I only got to meet Linkous once, and that was by phone, back in 2006. I'm still not sure how I lucked into it, looking back. Some kind soul at his label at the time (Astralwerks) had sent his latest CD, Dreamt For Light Years In The Belly Of A Mountain, so I'd emailed them just for the heck of it, to ask if there was any hope in hell of speaking with the guy.

Apparently not realizing how low-rent a publication they were talking to, the label folks set it up, and a few days later, I was calling Linkous at his home in the backwoods of western North Carolina. He was the nicest, most low-key guy, just sort of this apologetic country boy who made music and figured his career was going nowhere fast. He was surprised that people wanted to talk to him, to hear from him again, even though he'd fallen into a deep depression and had essentially walked away from music completely for several years. He was humble and grateful to be making music again.

It broke my heart, honestly. That this guy, who'd helped mold my love of music and showed me noisy, messy stuff could still be beautiful and sweet, would be so uncertain of himself that he figured nobody really wanted to hear it anymore... It was tragic, even then.

But things were on the upswing, it seemed like. He'd collaborated with the soon-to-be household name producer Danger Mouse on Mountain, and they already had plans to do more, which turned into Dark Night of the Soul -- it sounded amazing, but then got mired in legal bullshit and never saw a "real" release. Still, things were going pretty well, at least from my vantage point.

I guess they weren't going so well, though, from where Linkous stood.

Again, I can't claim to've been friends with the guy; all I know is that he and the music he made was pretty damn important to me, and now the music's all that's left. The funny thing is that although I've been listening to his albums over the past couple of days, they don't make me feel sad, not at all. Listening to songs like "Homecoming Queen" and "Gold Day", I can't help but smile.

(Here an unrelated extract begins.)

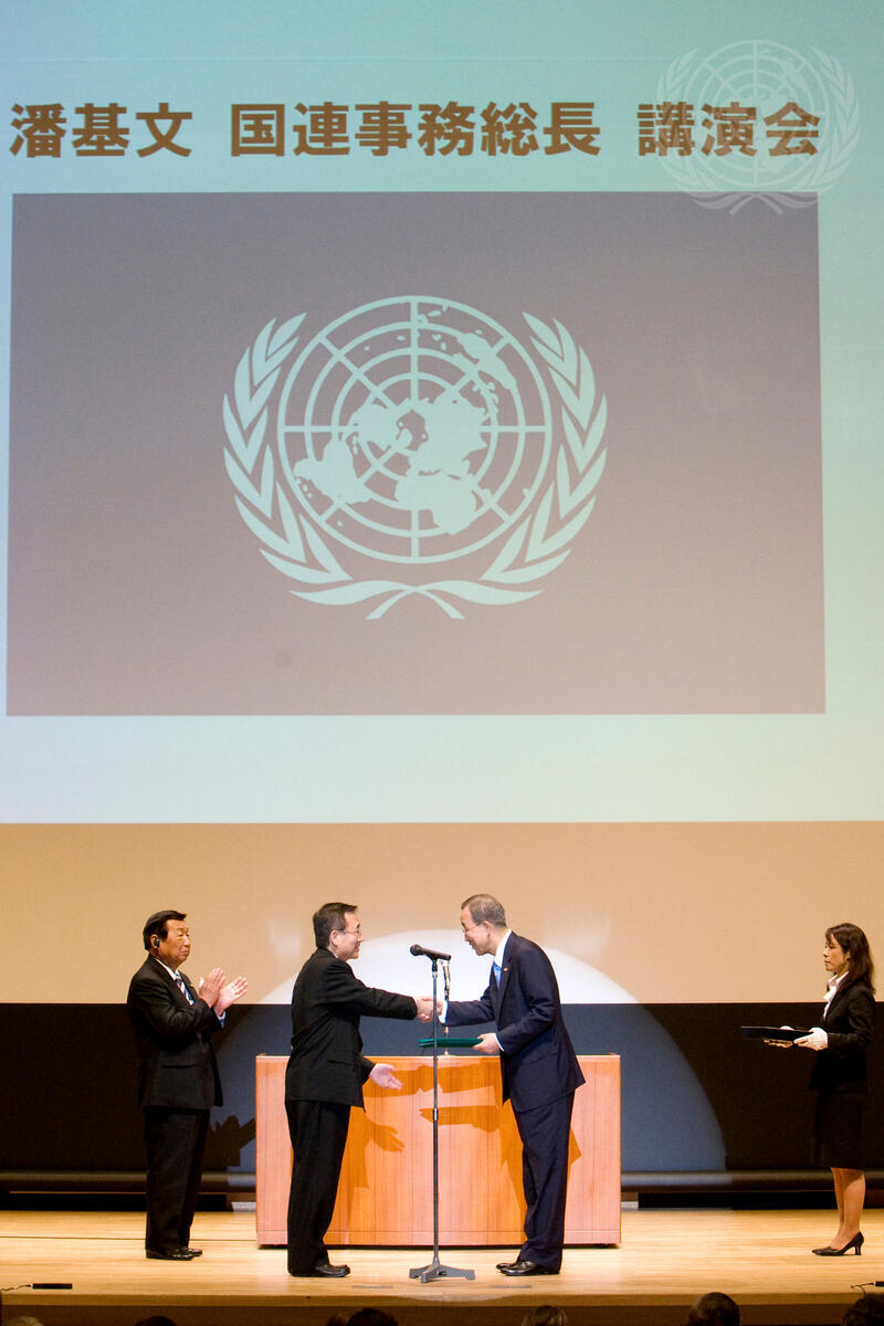 Secretary-General Ban Ki-moon (front, right) receives a honourary Hiroshima Citizenship Award from Mayor Tadatoshi Akiba at a citizens' welcome ceremony in Hiroshima, Japan.
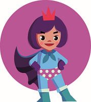 Dit meisje heeft een pakje van een superheld aan. De meid staat vol trots je aan te kijken als superheldin.

So here's to you, man. I'm going to choose to celebrate what was and be happy for it. To that end, here're a few of my favorite Sparklehorse tracks:

Sparklehorse - "Hammering The Cramps"
Sparklehorse - "Someday I Will Treat You Good"
Sparklehorse - "Gold Day"
Sparklehorse - "Ghost In The Sky"

(I'm just posting 'em here by way of tribute, btw. If they need to be taken down, just let me know, and I'll remove 'em immediately.)